The generic ballot, often considered one of the most reliable sources in predicting presidential and congressional races, is a poll that measures support on the basis of party, rather than specific candidates. There are other factors that should be considered, such as historical trends and developments in the news that have an outsized, and perhaps unexpected, impact on voters and their opinions, Beauchamp says.  

During this year’s election cycle, political observers have cited the Supreme Court’s decision to overturn abortion rights as the issue likely to skew the models. 

“What makes a lot of these models problematic is that there always are new and idiosyncratic factors that enter in that weren’t taken into account in past models because they never really had any impact,” Northeastern political science professor William Mayer says. “A good example of this is the abortion issue.”

Another notable wildcard forecasters have to take into account when interpreting election data is the ever-evolving influence of former president Donald Trump, whose endorsements have in many cases served to elevate unconventional candidates, such as Herschel Walker, a former football star who became Georgia’s Republican nominee for U.S. Senate, and Mehmet Oz, a former TV personality who is running in Pennsylvania for a U.S. Senate seat. 

History would dictate that, under ordinary circumstances, Walker and Oz would be considered “weak” picks for high office, Mayer says. The criteria of assessing candidate competency has shifted as a result. It’s just another example of the “Trump effect,” and the norm-shattering impact the former president has had on U.S. electoral politics. 

Next month, Beauchamp and Mayer will be presenting models that offer midterm predictions, with an emphasis on the House races, at the Political Science Association. Mayer is predicting that the Democrats will lose up to 40 seats in the House; Beauchamp’s outlook is less austere. 

“The models I have played around with over the last six months or so are based on two major variables. One is presidential popularity, and the other is how many seats the party of the president holds relative to its long-run average,” Mayer says.

Data courtesy of Nick Beauchamp. Illustration by Zach Christensen/Northeastern.

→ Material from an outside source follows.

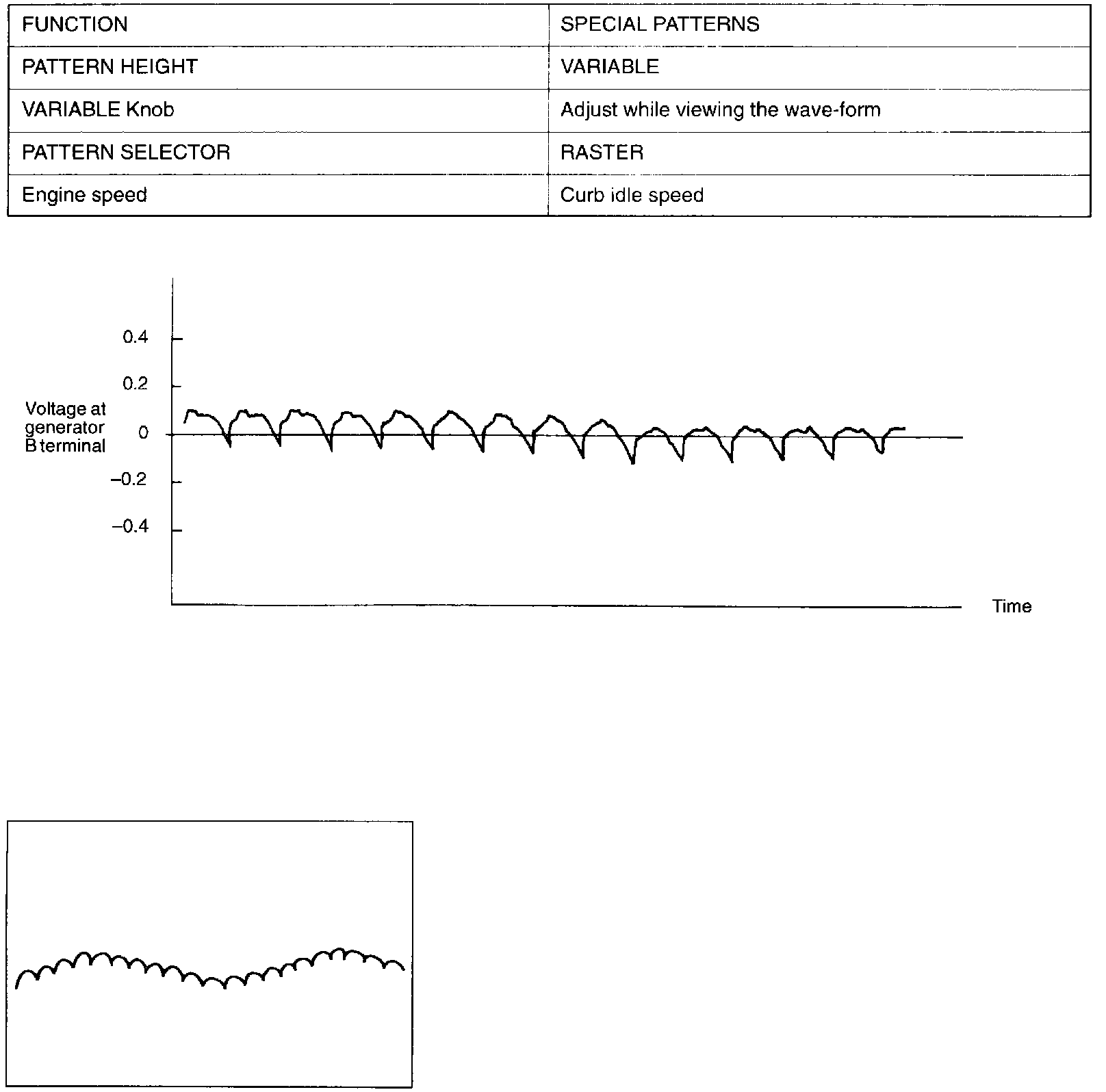NOTE: Furthermore, the voltage wave-form of the generator B terminal can undulate as shown in the small box. This wave-form is produced when the regulator operates according to fluctuations in the generator load (current), and is normal for the generator.

Since the Democratic and Republican parties began to entrench themselves politically in the U.S., there has been a pretty consistent trend of the presidential party losing a chunk of seats in the House of Representatives during the midterms, Beauchamp says. Historical precedents like this are sometimes overlooked in election models.

“To a first approximation, predicting how the midterms are going to turn out is one of the boringest prediction jobs you can have in political science,” Beauchamp says. “That’s because we don’t have too many regularities, but the one that is most certain is that the president’s party usually loses seats in both chambers during the midterms.” 

The Senate is more difficult to model—and this election cycle is no exception, Beauchamp says. 

“We could say of the Senate we’re much more uncertain this time around than many times we’ve been in the past,” he says.